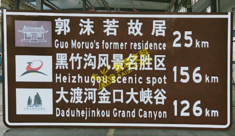 采用主動(dòng)發(fā)光工藝的旅游標(biāo)志牌,其版面通常由:風(fēng)景點(diǎn)名稱文字、預(yù)告距離、引導(dǎo)方向箭頭、風(fēng)景區(qū)圖片LOGO等組成,標(biāo)志底板采用棕色反光膜(旅游標(biāo)志專用膜)。標(biāo)志主動(dòng)發(fā)光工藝,采用內(nèi)置光源定向投射標(biāo)志面板,形成自主發(fā)光的效果。其優(yōu)點(diǎn)主要有:
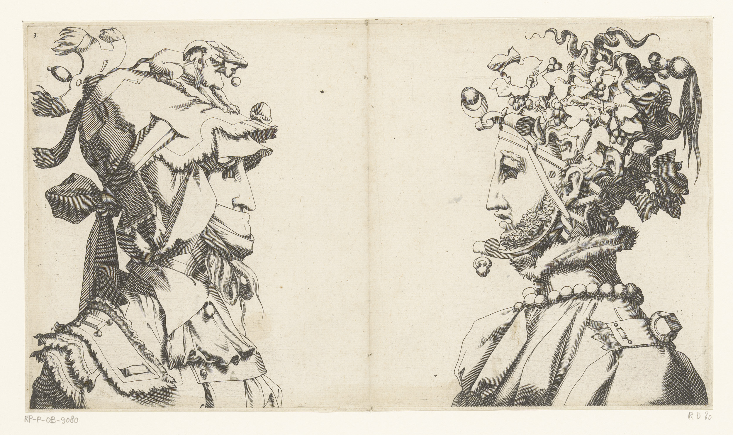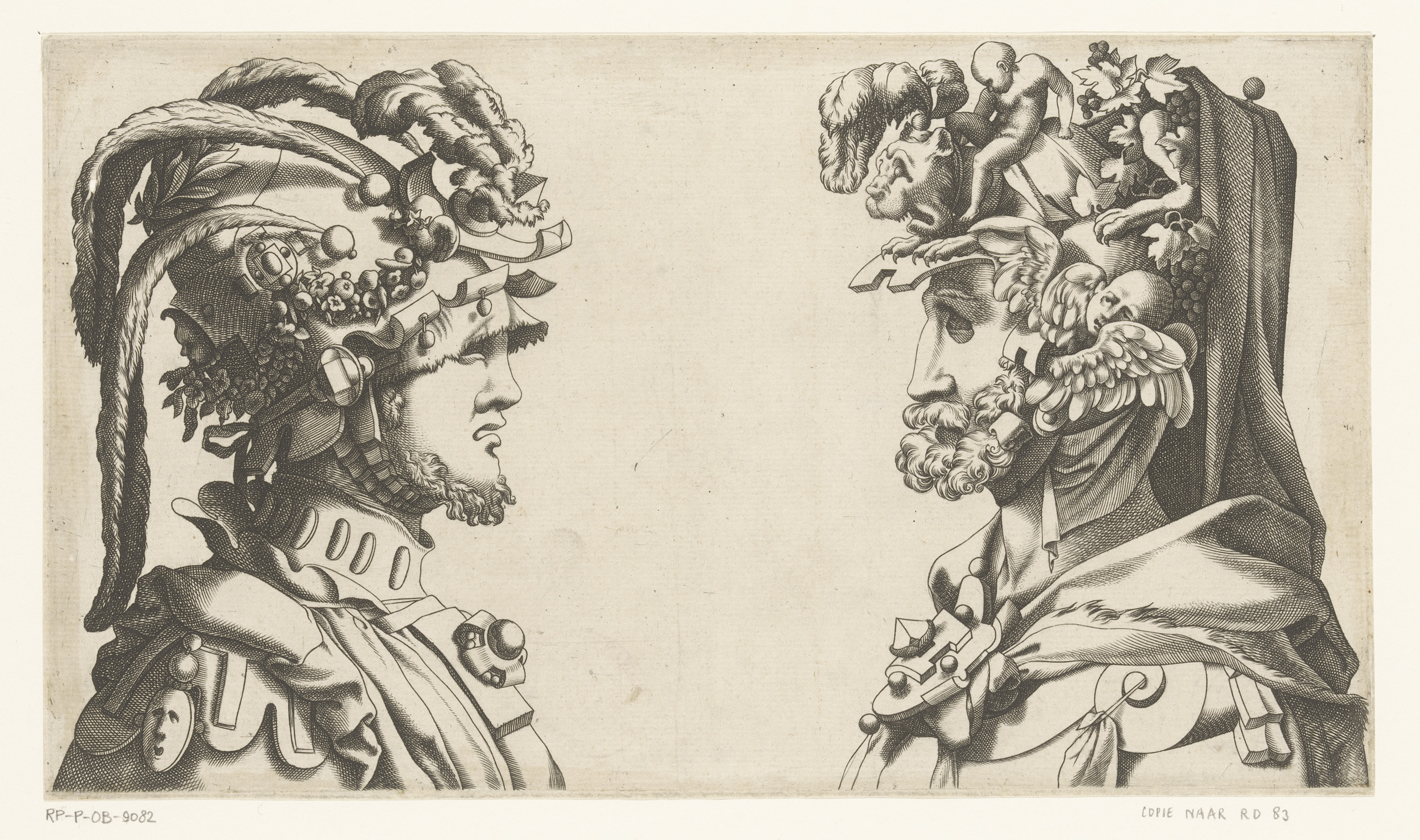 Twee mannenbustes met maskers en fantasiehoofdbedekking
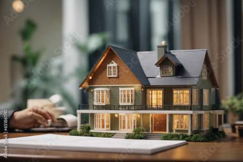 House model and contract, agent and customers discussing buying renting house, get insurance or loan real estate or property on background. Concept of mortgage. Generative AI
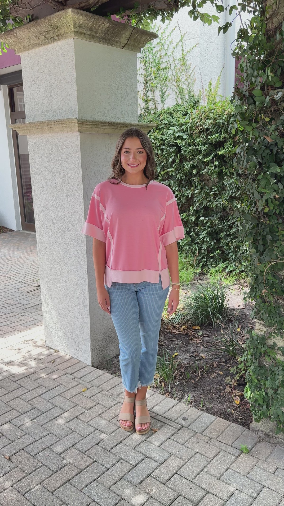 Simple with a stylish edge—The Rosie Side Split Top is your new go-to for effortless, everyday wear. Featuring half sleeves, raw edge seaming, and a flattering high-low hem with side slits, this solid pink beauty pairs perfectly with denim or leggings. Easy to style, easy to love.
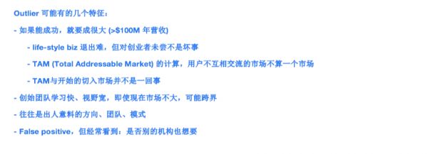我觉得当初如果就揪着他们这个市场来说,是看不出任何名堂的,但是如果真正对贝佐斯这个人信任的话,就像孙正义对马云的信任一样,这个是可能成为outlier的,而且outlier往往是出人意料的方向,出人意料的团队,出人意料的模式。大家都关注的方向,反而最后跑不出什么项目了。
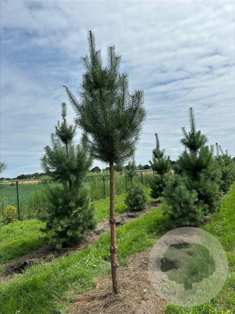 Pinus sylvestris (grove den, vliegden) kopen? Hoogstam 12–14 cm, gekweekt in container. Wintergroene solitairboom met roodbruine stam en blauwgroene naalden.
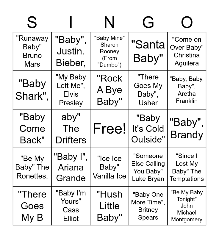 This bingo card has a free space and 25 words: "Baby I", Ariana Grande, "Hush Little Baby", "Rock A Bye Baby", "There Goes My B, "Come on Over Baby" Christina Aguilera, "Runaway Baby" Bruno Mars, "Baby Shark",, "Baby", Justin. Bieber,, "Baby It's Cold Outside", "Ice Ice Baby" Vanilla Ice, "There Goes My Baby", Usher, "Baby Come Back", "Someone Else Calling You Baby" Luke Bryan, "Since I Lost My Baby" The Temptations, "My Baby Left Me", Elvis Presley, "Baby Be Mine" Michael Jackson, "Baby", Brandy, "Baby Mine" Sharon Rooney (From "Dumbo"), "Baby, Baby, Baby", Aretha Franklin, aby" The Drifters, "Be My Baby Tonight" John Michael Montgomery, "Baby I'm Yours" Cass Elliot, "Be My Baby" The Ronettes,, "Santa Baby" and "Baby One More Time", Britney Spears.
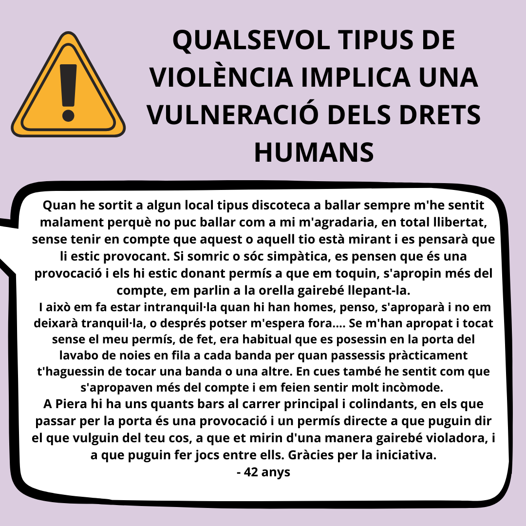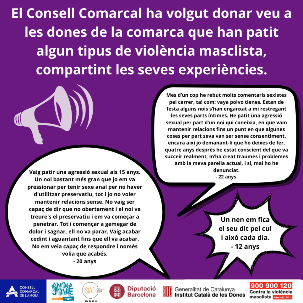 Aquest any, pel 25N, Dia Internacional per a l’Eliminació de la Violència Envers les Dones, el Consell Comarcal de l’Anoia ha recollit testimonis de dones que han patit algun tipus de violència masclista.
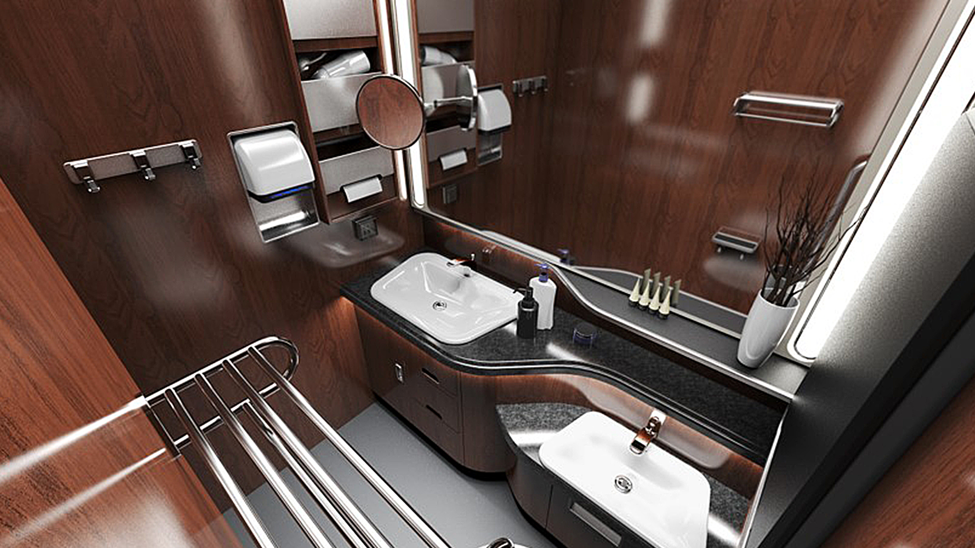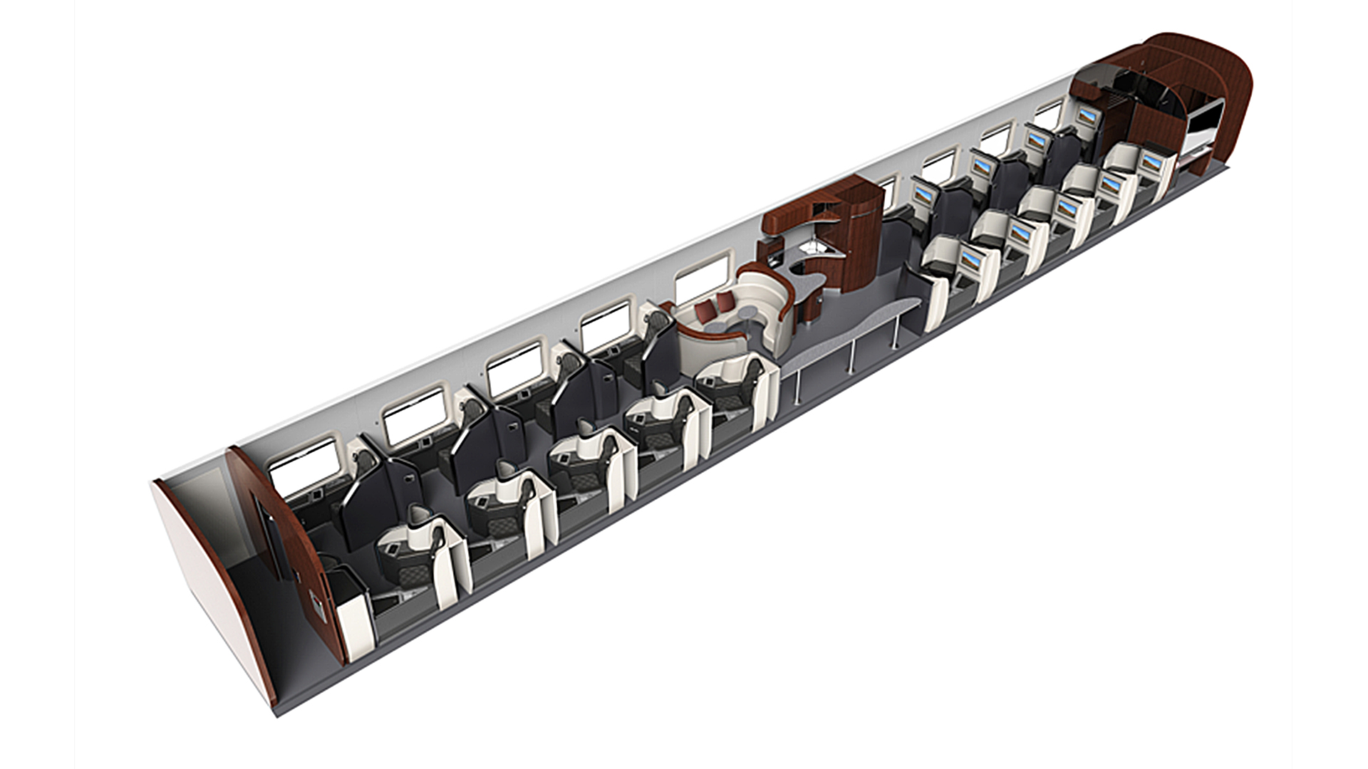 新設計按乘坐、用餐、乘務、洗手間、行李存放的功能劃分為5個區域,每個區域都配備了完整的功能設施。

» EXERCISE REQUIREMENTS
Using the records above, return verbatim only the part that opens with the line containing "Simple with a" and closes with the line containing "Pinus sylvestris (grove"; pictures stay out.

» EXERCISE ANSWER
 Simple with a stylish edge—The Rosie Side Split Top is your new go-to for effortless, everyday wear. Featuring half sleeves, raw edge seaming, and a flattering high-low hem with side slits, this solid pink beauty pairs perfectly with denim or leggings. Easy to style, easy to love.
我觉得当初如果就揪着他们这个市场来说,是看不出任何名堂的,但是如果真正对贝佐斯这个人信任的话,就像孙正义对马云的信任一样,这个是可能成为outlier的,而且outlier往往是出人意料的方向,出人意料的团队,出人意料的模式。大家都关注的方向,反而最后跑不出什么项目了。
 Pinus sylvestris (grove den, vliegden) kopen? Hoogstam 12–14 cm, gekweekt in container. Wintergroene solitairboom met roodbruine stam en blauwgroene naalden.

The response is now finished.